Recently I watched the season opener of Arrow and while I found it enjoyable one of the things that bugged me was the final scene, which involved the foreshadowing of a future death. That in and of itself didn’t bother me (beyond the usual “great, which of my favorite characters is going to die?”); what did bother me was the official commentary afterward that indicated that even the show writers don’t know who is going to die.
Say what?
I’ve had similar issues with other TV shows in the past: Enterprise’s Future Guy and what was really happening on the island in Lost, just to name a couple. It just burns me up when I’m trying to make connections and piece clues together only to find out that the writers are just throwing spaghetti against a wall and running with what sticks.
But then again, mea culpa.
In the past, this was exactly my GMing style. I’d set up interesting hooks and situations without a strong sense of where things were going; I just made it up as I went along based on what the players were doing.
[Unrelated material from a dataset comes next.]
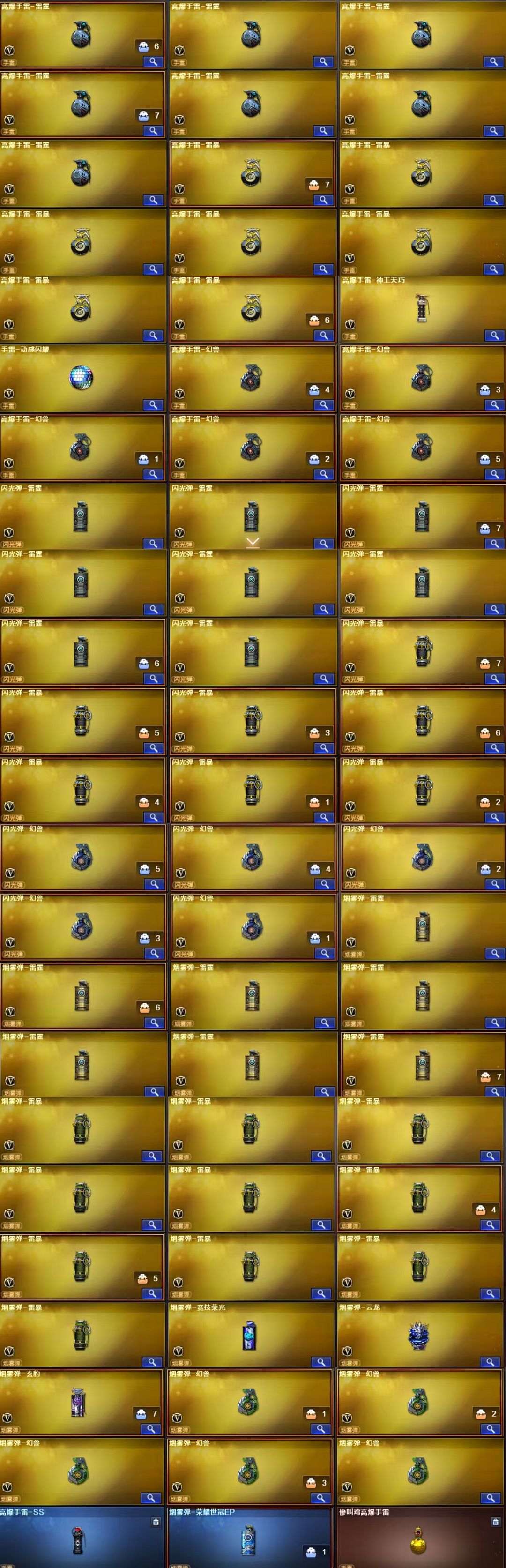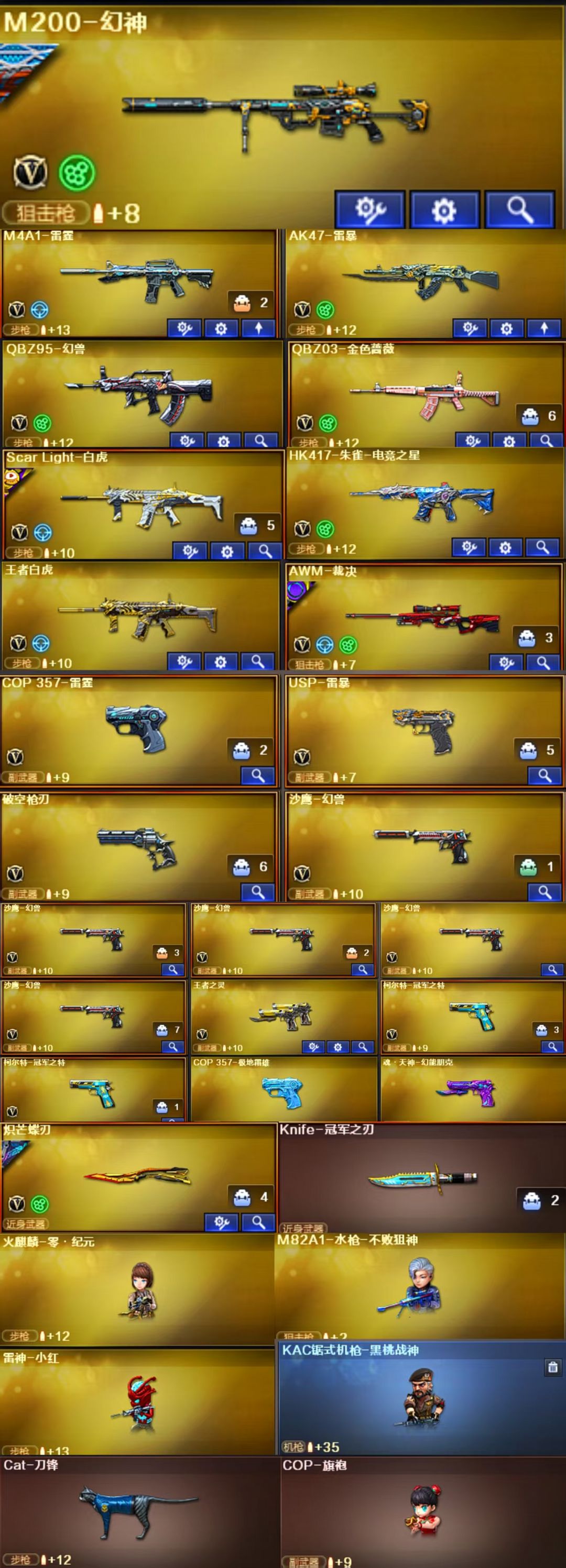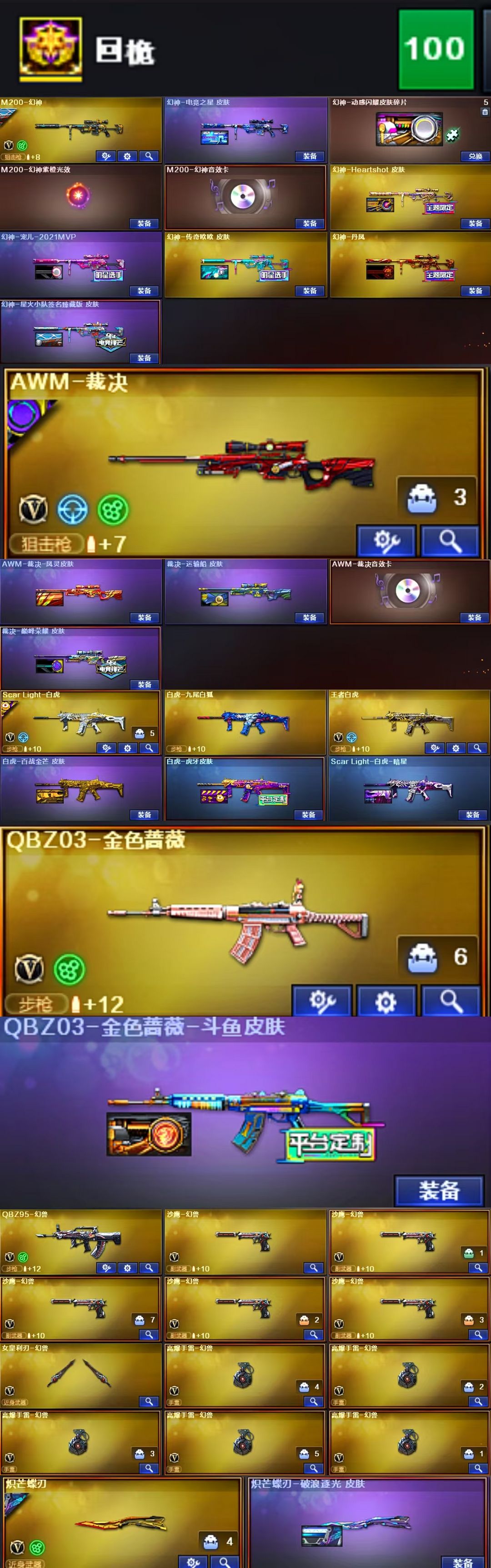 限制: 租号3次及以上 |装备描述:王者武器:王者之幻-觉醒版;炼狱-悦蓝-觉醒版;王者白虎-觉醒版;盘龙-悦心-觉醒版;王者之灵-觉醒版;王者之刺-觉醒版;炫金天龙;炫金武士;炫金修罗;王者之魄-觉醒版;王者之势;王者之魂;炫金黑龙;王者之怒;炫金雷神;炫金毁灭;王者之力;王者之翼;王者之光;王者之武;王者之心;炫金无影;盘龙-悦心 英雄武器:Barrett-碧霄极光;荣耀世冠-火麒麟;丛林匕首-玄豹;烟雾弹-玄豹;机械迷城-穹宇;烟雾弹-竞技荣光;沙鹰-天神;Scar Light-白虎;闪光弹-雷霆;炽芒蝶刃;烟雾弹-云龙;烟雾弹-雷暴;AK47-雷暴;USP-雷暴;斩神刀-雷暴;闪光弹-雷暴;高爆手雷-雷暴;柯尔特-冠军之特;M200-幻神;龙啸-烈火龙威;烈火-动感闪耀;天神-动感闪耀;手雷-动感闪耀;屠龙-动感闪耀;高爆手雷-神工天巧;无影-神兵利器;AK47-火麒麟;加特林-炼狱;AK47-无影;M4A1-武圣;Glock18-武圣;AA-12-雷霆;9A91-烈火;M4A1-黑骑士;AK47-黑鲨;AK-47-猩红传说;擎天;AK47-黑武士;雷霆之怒;M4A1-雷霆;高爆手雷-雷霆;烟雾弹-雷霆;雷霆之契

For the most part I kept this to myself and the players were often amazed at how things turned out, but if they looked too closely at what went before they’d find plot holes big enough to drive a truck through.
I once made the mistake of sharing this with a player and I was taken aback by her reaction. She loved investigative adventures, but knowing that I was “making it up as I go” ruined them for her. From that point forward, I tried to run “pure” mysteries with everything worked out in advance. I found this a bit constraining, especially when I’d made things a bit too easy and the players jumped to the end. That made for a satisfying Sherlock Holmes short story, but when I hoped that the mystery would last a whole session or three it was taxing to have it wrapped up in two hours.
As time went on I settled on a compromise. I work my plot threads out in advance but leave enough room to change details as I go along. If I do decide to change things (usually because I’ve figured out how to shore up a shaky plot element or – more often – the players come up with a better idea), I make sure that nothing I change invalidates what’s already occurred at the table.
So how about you? Are you a spaghetti GM or do you set things in stone? Are you somewhere in the middle? Has something ever gone terribly because of your mystery style? If you tend to swing one way, would you consider swinging towards the other?
Two observations:
All prime time broadcast TV written to that formula because the prize on which all the writers eyes must be on is the value alloted to the commercial slots. It is why I no longer watch TV shows with long story arcs unless I can binge watch on Netflix, where I can check the show is going somewhere and is on the rails all the time before I commit hours of my time to it.
Second: tall GMs are close up magicians in a way, and should adhere firmly the the magician’s code – “never tell the audience how the trick was done”. The urge can be overpowering at times, but telling breaks the spell. Try to remember that the way a GM knows he/she is being clever is when the players talk about the game after a session, not talk about the GM. If the playpers notice you, you are doing it wrong.
I firmly disagree with ‘never tell the audience how the trick was done’. Otherwise, a blog like this wouldn’t exist. 🙂
While you may not want to divulge to your players all of your tricks on how you keep a game running smooth, sharing those same ideas is the best way to help create new GMs. It can make the process seem less daunting to a potential GM who doesn’t think they could possibly run a game like that, or helps a newish GM add some more tools to their toolbox.
This blog is the equivalent of The Magic Castle, where magicians can swap trade secrets without giving away the game.
Showing your players How The Trick Was Done will end *every time* the way it ended for Walt.
Sorry, but with respect in this I feel you are 100% wrong, and the evidence for it is writ large in Walt’s article.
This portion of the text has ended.